Until I get the DVD and watch it as often as I have LOTR, I will have to say the FX did not suck. It was bogus to use animated bodies for the clones with the Jango Fett actors head though. How much could it possibly have cost to make one or two full scale uniforms? It just would have blended in better. You don't see Peter Jackson CGI'ing leather and animal skins on his main Orcs.
There were some terrible CG shots is both films...
I like how Lucas doesn't spend too much time on establishing shots in this film. Yeah, they may look cool but they slow the pace down and are really pointless. This is something I think he learnt from Episode I and II...
Star wars effects have always had a certain style to them, they never were about 100% realism they were about being epic. lotr was going for realism. the geonois arena is a miniature so i don't see the problem there.
lotr was also shot on film which has a graininess to it, star wars 2+3 are shot on digital video which doesn't. The film grain makes visual effects look realistic easer. it gives the illusion of detail for miniatures and cg better because of this.
ShadowKing said
Could it just be easier to view realistic, although massive, castles than giant fungus, domesticated riding lizards, and immense battle cruisers?
which is true, lotr could acuallay shoot locations of new zealand or at least get good referece, in star wars george wants to see alien world the can easilay be distingushed from each other. Hes used nearly every real world loction in the first 4, so by episode 2 be has to creat them form scrach basically. design wise these newer places dont exist ie kamino that weird planet in episode 3 or courasant or its dam dangerous as well like mustafar. for mustafar they did get real volcano footage though as well as minitures.

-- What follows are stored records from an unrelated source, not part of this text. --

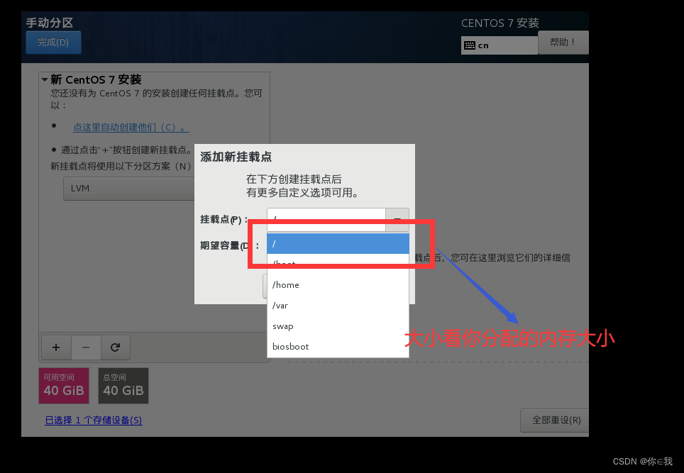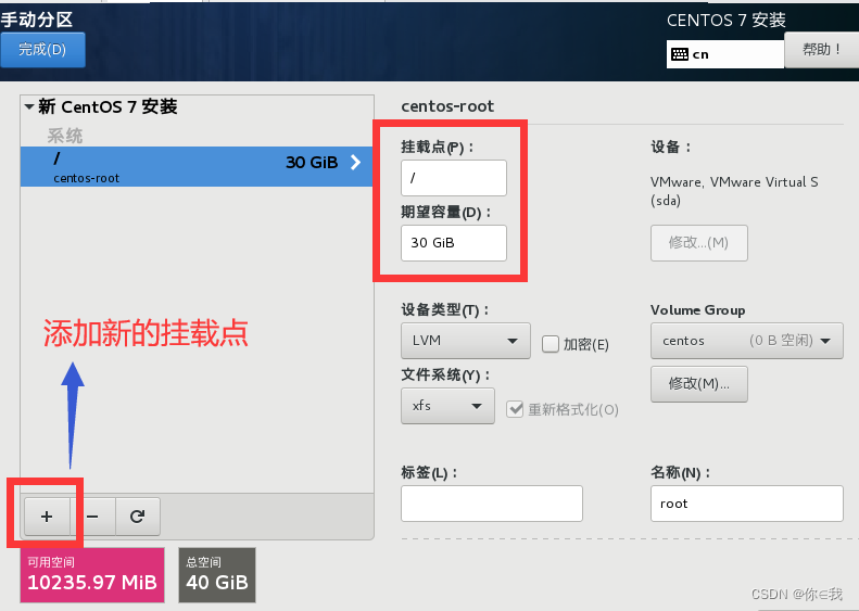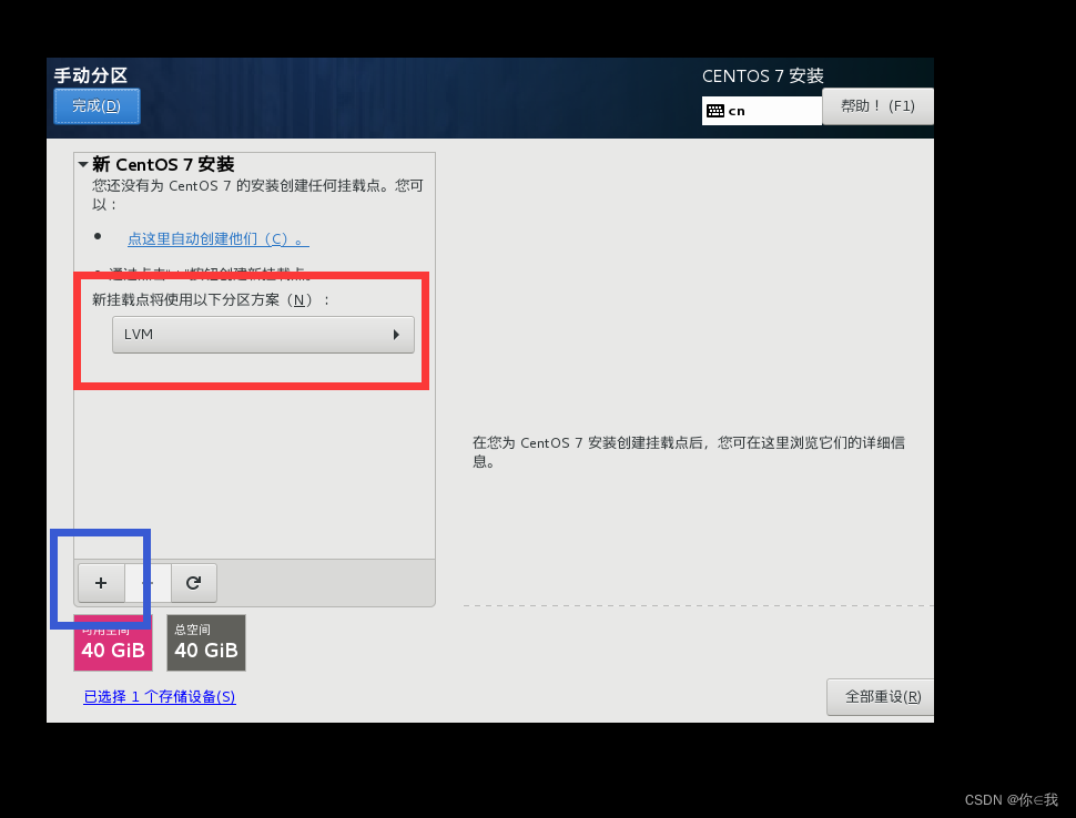17.分区方案选择LVM,然后下面选择“+”设置分区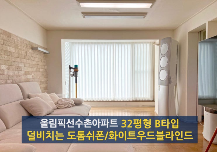 올림픽기자선수촌 32평형 덜비치는 도톰 쉬폰/형상기억100%암막커튼/화이트우드블라인드 시공[제이제이커튼]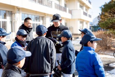 1月12日、中佐都小学校にて、アカハネ保険事務所主催の野球教室を開催しました。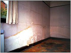- Where a wall has been built against the ground (e.g. when building into a hillside) without adequate damp-proofing (lateral damp)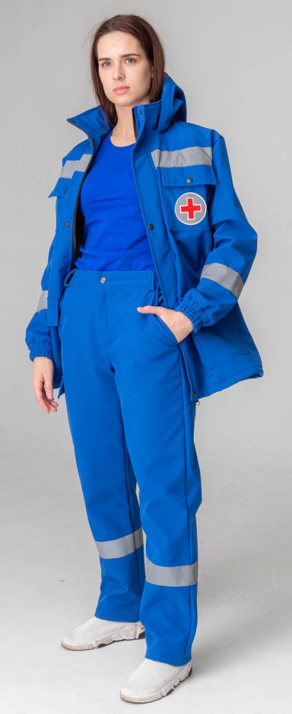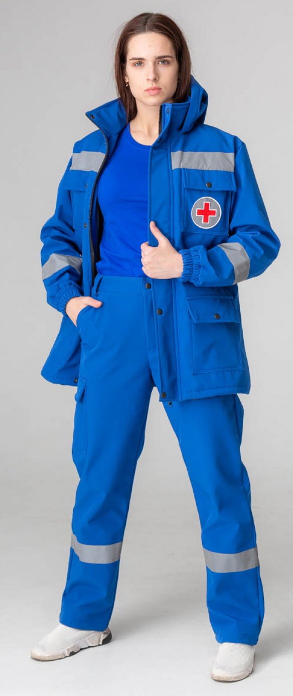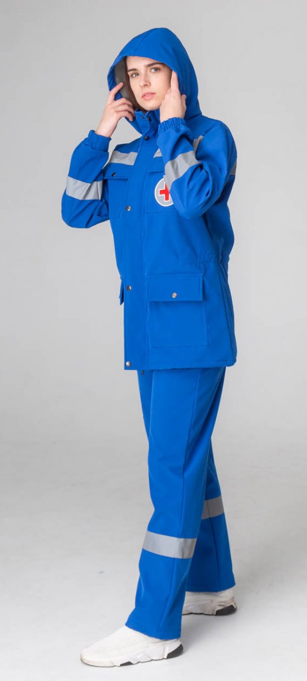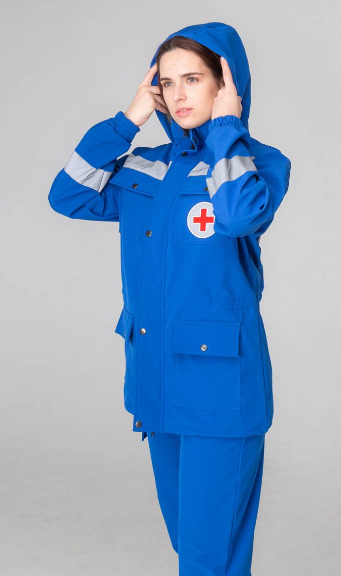 Куртка прямого силуэта с капюшоном и воротником стойкой, застежка на двухзамковую молнию с защитной планкой. На полочках по кокеткам проложена светоотражающая лента 5 см и накладные карманы с клапаном (2 нагрудных и 2 нижних боковых). На нагрудном левом кармане шеврон в серебристом круге красный крест.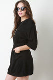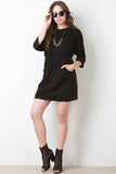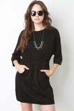 This casual dress features vegan suede, round neckline, dolman sleeves, elasticized waist, two pockets, and mini length. Accessories sold separately. 90% Polyester, 10% Spandex.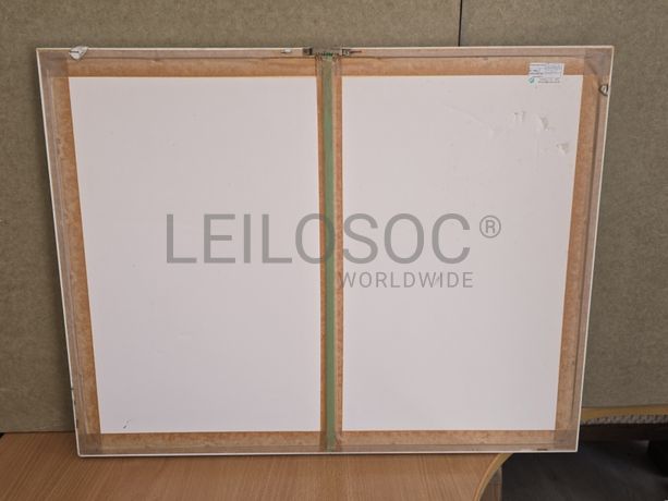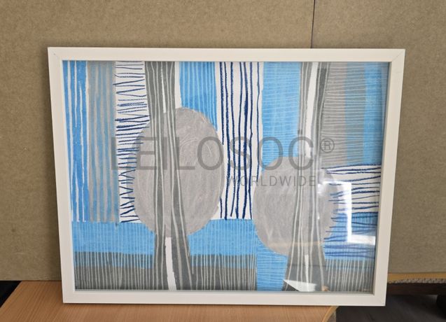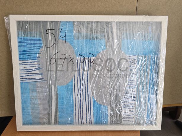 Tela pintada à mão, em moldura branca, com 67x52 centímetros.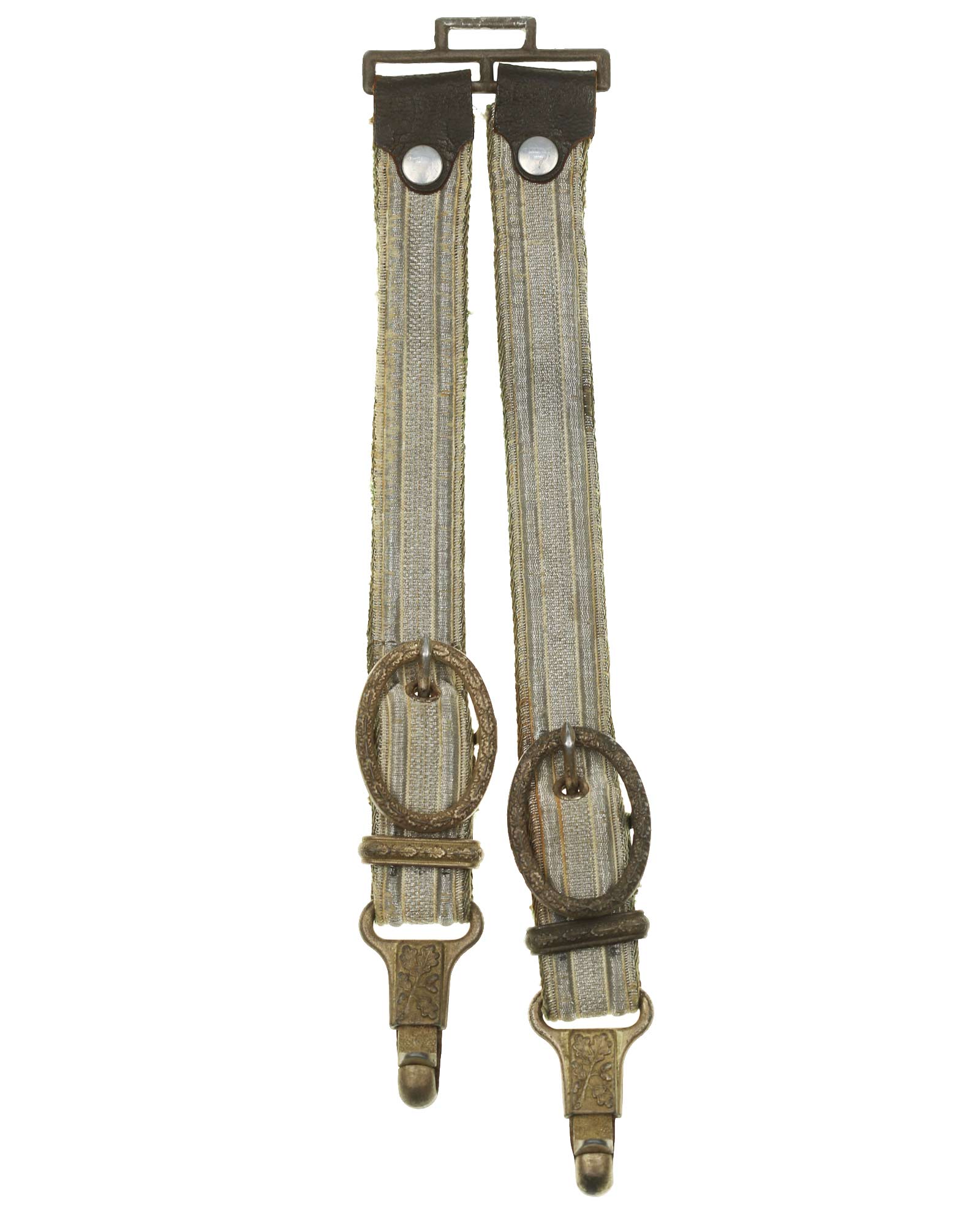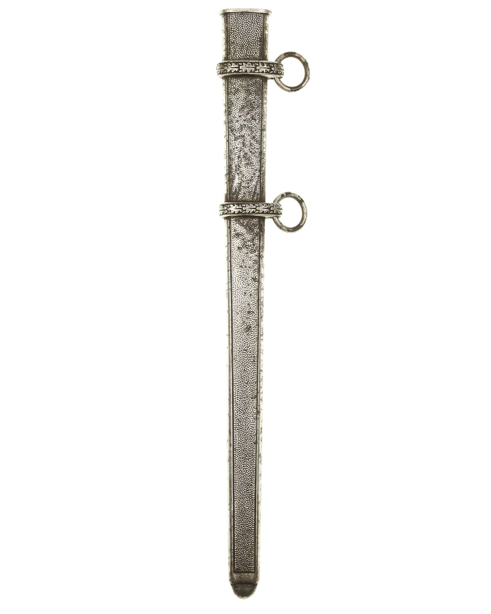 Ножны: Ножны металлические, имеющие с внешней и внутренней стороны мелкоточечную рифленую поверхность в линейной окантовке; прибор состоит из вставного устья; наконечник ножен выполнен в виде полуовала. Обоймицы (гайки) украшены рельефными изображениями дубовых листьев; на каждой обоймице (гайке) подвижно укреплено по одному кольцу. Металлические элементы эфеса и ножны посеребрены.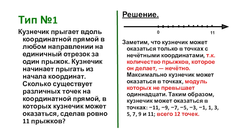 Заметим, что кузнечик может оказаться только в точках с нечётными координатами, т.к. количество прыжков, которое он делает, — нечётно. Максимально кузнечик может оказаться в точках, модуль которых не превышает одиннадцати. Таким образом, кузнечик может оказаться в точках: −11, −9, −7, −5, −3, −1, 1, 3, 5, 7, 9 и 11; всего 12 точек.
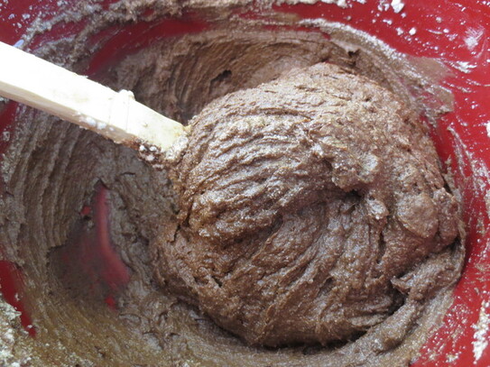 În celălalt castron se adaugă pe rând făina amestecată cu cacao şi cealaltă jumătate de spumă de ou.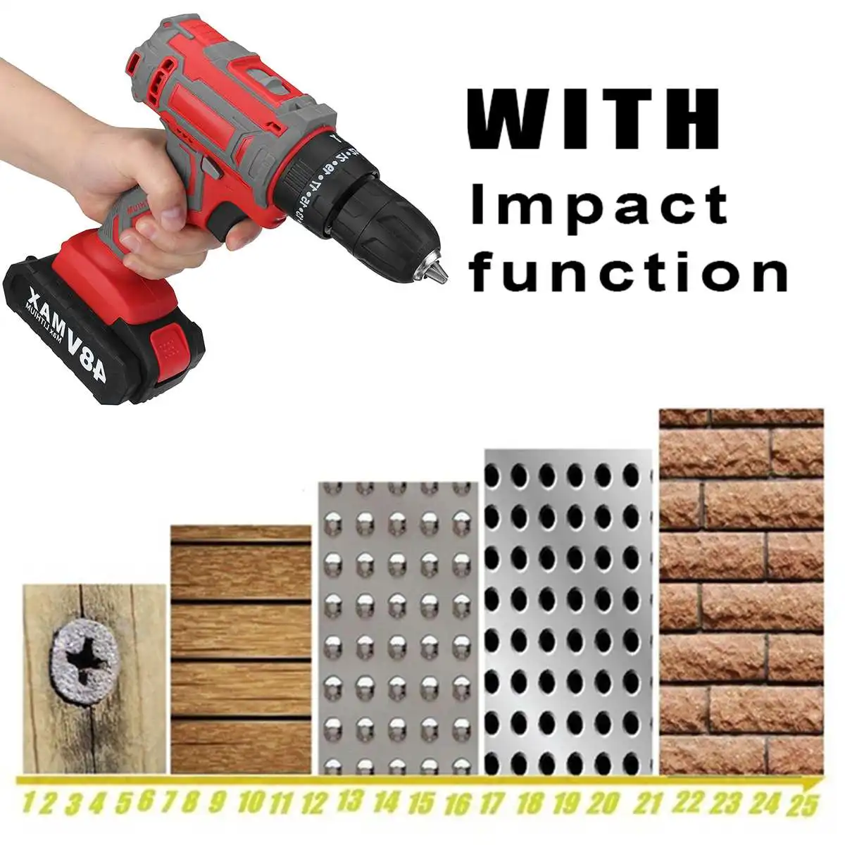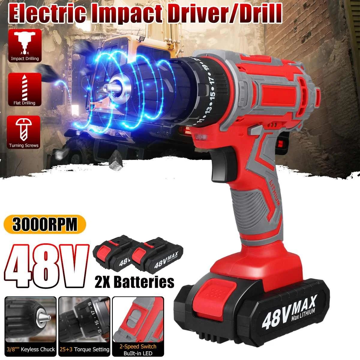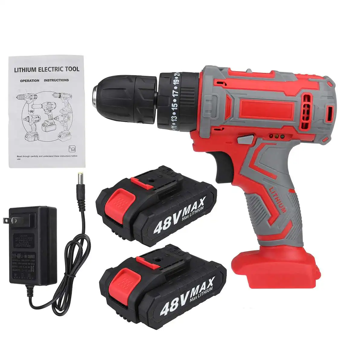 Аккумуляторная дрель-шуруповерт, 48 В, 25 + 3 крутящих момента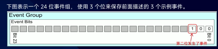 - 事件组:是一组事件位,事件组中的事件位通过位编号来引用。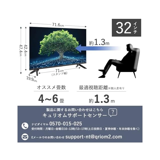 ?【商品仕様】◇本体寸法(幅×奥行×高さ):[スタンドなし]715.7×92.9×424mm [スタンドつき]715.7×198.6×474.2mm ◇本体質量:[スタンドなし]3.7kg [スタンドつき]3.8kg ◇画面サイズ:32V型 ◇解像度:1366×768 ◇コントラスト比:3000:1 ◇視野角(最小値):左右=約178°/上下=約178° ◇応答速度:6.5ms ◇音声出力(スピーカー):5W+5W ◇チューナー:地上デジタル×2、BS、110度CSデジタル×2(ダブルチューナー)※1つは視聴専用・2番組同時録画は非対応 ◇壁掛け寸法:VESA規格100×100mm ◇定格電源:AC100V(50/60Hz) ◇消費電力:50W ◇HDMI:HDMI Ver.1.4a×2 CEC機能に対応※HDMI入力1のみARCに対応 ◇USB端子:USB2.0×2 ◇付属品:リモコン、リモコン用単4形乾電池×2(動作確認用)、miniB-CASカード、miniAV交換アダプター、スタンド、スタンド固定ネジ×4、書付き取扱説明書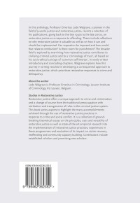 In this anthology, Professor Emeritus Lode Walgrave, a pioneer in the field of juvenile justice and restorative justice, revisits a selection of his publications, going back to the late 1990s to the late 2010s, on restorative justice as a response to offending. These include reflections on why restorative justice is valuable as well as on how it can and should be implemented. Can reparation be imposed and how would that relate to retribution? Is there room for punishment? The broader field is explored by examining how restorative justice contributes to civilising criminal justice and to a ‘criminology of trust’, all based on his socio-ethical concept of ‘common self-interest’. In newly written introductory and concluding chapters, Walgrave explains how this journey in writing resulted in developing a consequential approach to restorative justice, which prioritises restorative responses to crime and delinquency.
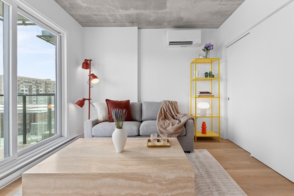 Live connected to everything! Discover Ostral Apartments, the one and only connected rental project directly linked to the Longueuil–Université-de-Sherbrooke metro station. Enjoy a prime location right above the metro, close to local shops and neighborhood amenities, in the heart of Longueuil’s new downtown. All-inclusive package: • Six appliances (refrigerator, stove, dishwasher, microwave, washer, and dryer) • Internet • Electricity • Heating and air conditioning In addition, indoor parking spaces ($170/month) and storage units ($40/month) are available for rent. Ostral Apartments offers a variety of luxurious common areas: • Fitness room with sauna • Screening room • Outdoor pool with a large terrace, grassy area, and BBQ • Lounge area • Game room with VR headsets and poker tables And much more! Contact us now!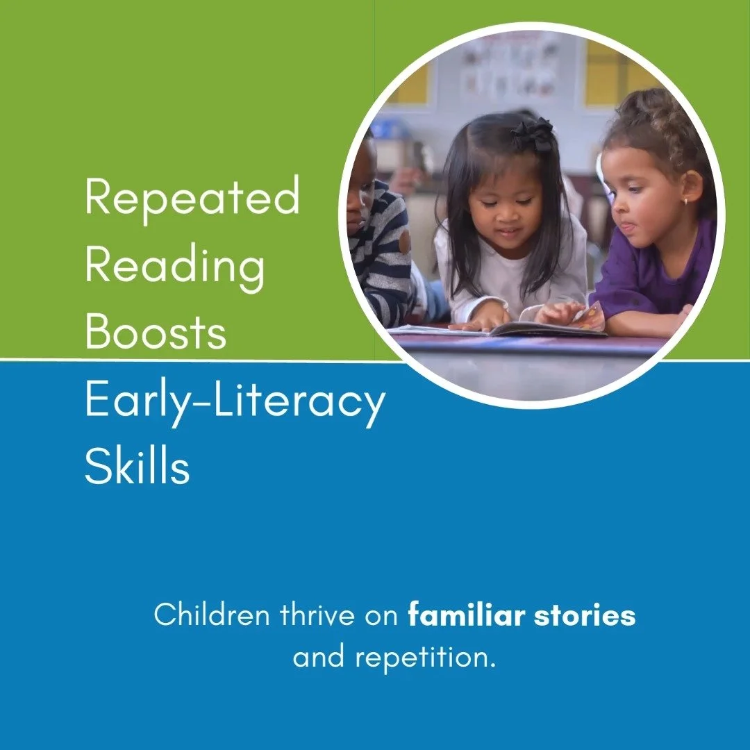 Repeated readings of the same story boost vocabulary and comprehension.

i thought Kashyyyk was very well done because they got real life footage and still for some of it and minitures for the rest it thought it was very belivible. geonossis was hard because george didn't want it to look like tatooine, which would have been easy to do, so its much more alien and red.
Last edited by Smegulated on Jun 22nd, 2005 at 12:50 PM
Kashyyyk was pretty well done. I was very impressed with Mustafar, I thought it looked great.
The things about the VFX that bug me are the use of digital doubles (mainly for the jumps). They just don't look realistic. And also the digital Clonetroopers look really bad in many shots.
Shots that bugged me in particular: Plo Koon's death - way too cartoony, it looked awful; The Jedi on the speeder bike's death - ditto; a particular shot in the Kashyyyk battle looked really bad; some of the shots of the ships looked too cartoony; Obi-Wan being thrown by Dooku - the worst shot of the film.
Re: Do you think the Star Wars special effects suck?
this coming from the same guy who becomes personally hurt and offended when anyone so much as jokingly pokes at ep3? mesa confused...mesa VERY confused oh man i didnt just speak in jar jar did i? damn...time for a memory wipe.
but i also agree that SW has always had a style to it. it looks "real" but its not supposed to look 100% real. its supposed to look almost surreal. its an epic space fantasy film. its not as gritty as LOTR is.